I'm still trying to guess what "author not available" means in the information about a publication. My strategy for working out which paper each line refers to has been to keep Google Scholar open in parallel and search for the titles there, because those make more sense to me.

In the section on reporting key findings of a grant, when you save the entry, it returns you to the same page. Why would you want to save multiple times, rather than just moving on to the next step? Why isn't there a 'next' option? And why, when you have said there is no update on a completed grant, does it still take you to the update page? What was the point of the question?

When you're within the context of one award, and you select publications, it shows all publications for all awards (until you explicit select the option to focus on this award). Why? I'm in a particular task context...

When you're in the context of an award where you are simply a team member, you can filter by publications you've added, or by publications linked to this award, but not by publications that you've added that are also linked to this award. Those are the ones that I know about, and the ones that I want to check / update.

Having taken a coffee break, I returned to the interface to discover I had been logged out.

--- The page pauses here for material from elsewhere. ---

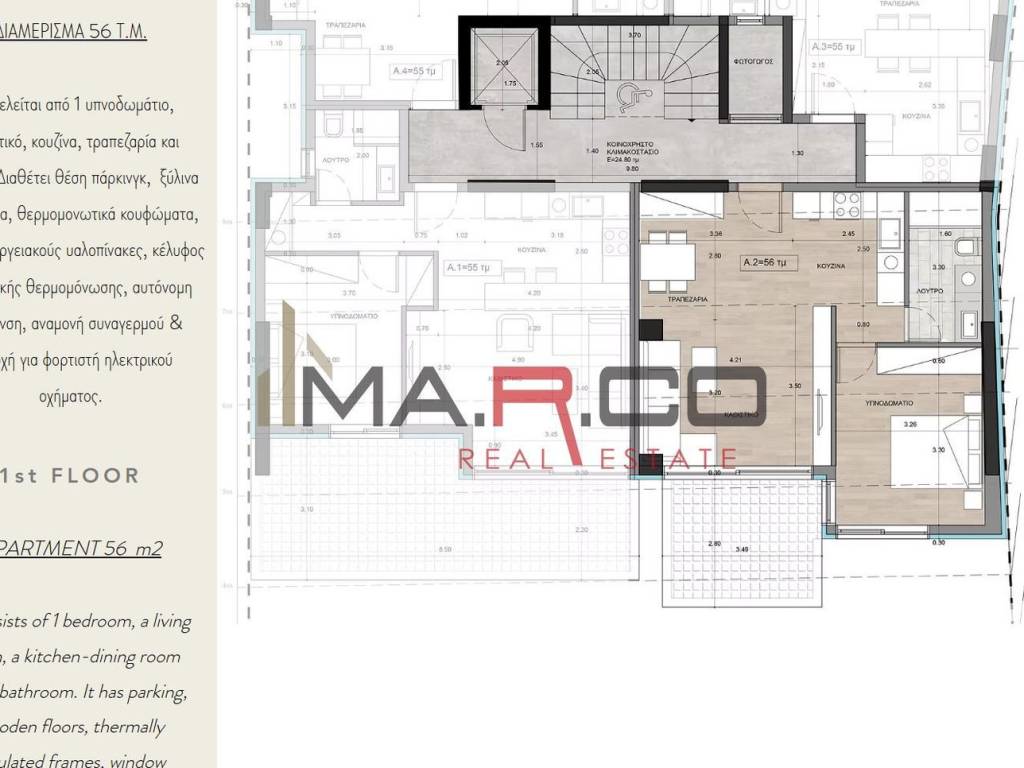 Apartment For sale, floor: 1st, in Kallithea - Lofos Filaretou. The Apartment is 55 sq.m.. It consists of: 1 bedrooms, 1 bathrooms and it also has 1 parkings (1 Pilotis space). The property was built in 2026. Its heating is Personal with Heat pump, Solar water system, Thermal insulation are also available, it has Alluminum, Thermal brake frames with Double glazed - Energy Efficient windows, the energy certificate is: A+ and its floors are Tiles, Wooden. The property's status is: New development, Under construction and it has Southeast orientation and it also has the following unique features and advantages: Window Screens, Elevator, Storage, Security door, CCTV, Security alarm. Price: €185.000. MA.R.CO REALESTATE & CONSTRUCTION, contact phone: 6944855335, 2109650870, email: info@marco-realestate.gr, website:

I don't actually know my login details because the first time I logged in this morning I did so via ORCID. That option isn't available on the login page that appears after time-out. This is further evidence of poor system testing and non-existent user testing.

I could go on, but life is too short. There is no evidence of the developers having considered either conceptual design or task structures. There is no evidence that the system has actually been tested by real users who have real data entry tasks and time constraints. I really cannot comprehend how so many funders can mandate the use of a system that is so poorly designed, other than because they have the power to do so.